Вдруг, уставив зеленоватый глаз, цедил ледяным тоном:

— А я все про вас знаю, Клеточников. От меня — ни-ни, не укроетесь.

— Что ж вы можете знать? — смеялся Николай Васильевич. — Я человек откровенный.

— Все ваши секретности знаю.

— Ну и знайте на здоровье.

— Ах, вот вы как? — Чернышев будто бы сердился, по глазом голубым, веселым, уже шутил, проказничал. — А у кого дама сердца на Литейном проживает? Хорошенькая? Подруга есть? Велите, чтоб с подругой познакомила. Мне подруга нужна…

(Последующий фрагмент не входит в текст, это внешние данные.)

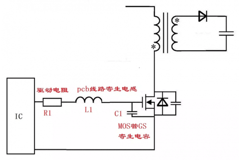 在图2中,IC出来的波形正常,到C1两端的波形就有振荡了。实际上,这个振荡就是R1、L1、C1三个元器件的串联振荡引起的。其中,R1为驱动电阻,是我们外加的;L1是PCB上走线的寄生电感;C1是MOS管GS的寄生电容。
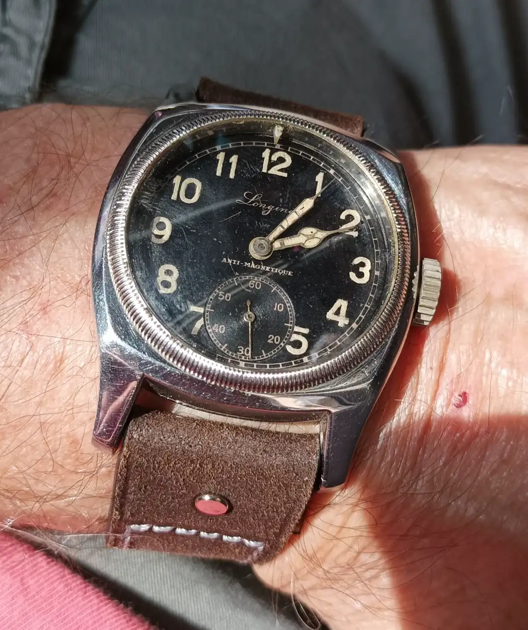 Total en un estire y afloje llegué a la conclusión que quería ese reloj más que nada en el mundo aun que solo tuviera la caja.Ver el archivos adjunto 2889505Ver el archivos adjunto 2889506Ver el archivos adjunto 2889507Ver el archivos adjunto 2889508Longines Heritage 1935 Pilot Majetek edición limitada es te es un reloj que me voló la cabeza, viene originalmente con esa correa de piel negra pero por ser militar le puse esa NATO de piel cafe clara y creo por ser un reloj militar se le ve muy bien.
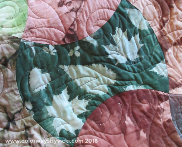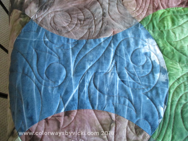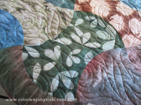 There was no need for fancy quilting as the fabrics are the focus. I used a pantograph called Woodgrain with Highlights (top) and So Fine (bottom) threads.

Николай Васильевич отшучивался, а у самого холодело: болтает зря или вправду до чего донюхался? Никому же верить нельзя, все они там, гады ползучие, перекрученные. Может, он и не пьян вовсе, и ходить ему с ним, Клеточниковым, в светлый праздник по портерным никак не интересно, но — господин Кириллов послал? Неделю назад, сразу же, как перевели в агентурную часть переписчиком, Петр Иванович предложил ему посещать новую квартиру, где жила барышня Наталья Николаевна, одинокая. А он будто бы ее друг. Для всех понятно, и ничего удивительного. Николаю Васильевичу очень понравилось, и барышня милая, тихая, бледненькая, на диване с книжкой, а они с Петром Ивановичем в соседней комнате. Но живет барышня вовсе не на Литейном, на другой улице.

Однако неприятное что-то колыхнулось, в голове прояснело.

— Никаких барышень знакомых на Литейном у меня, к сожалению, нет, — сказал со вздохом.

— А где есть?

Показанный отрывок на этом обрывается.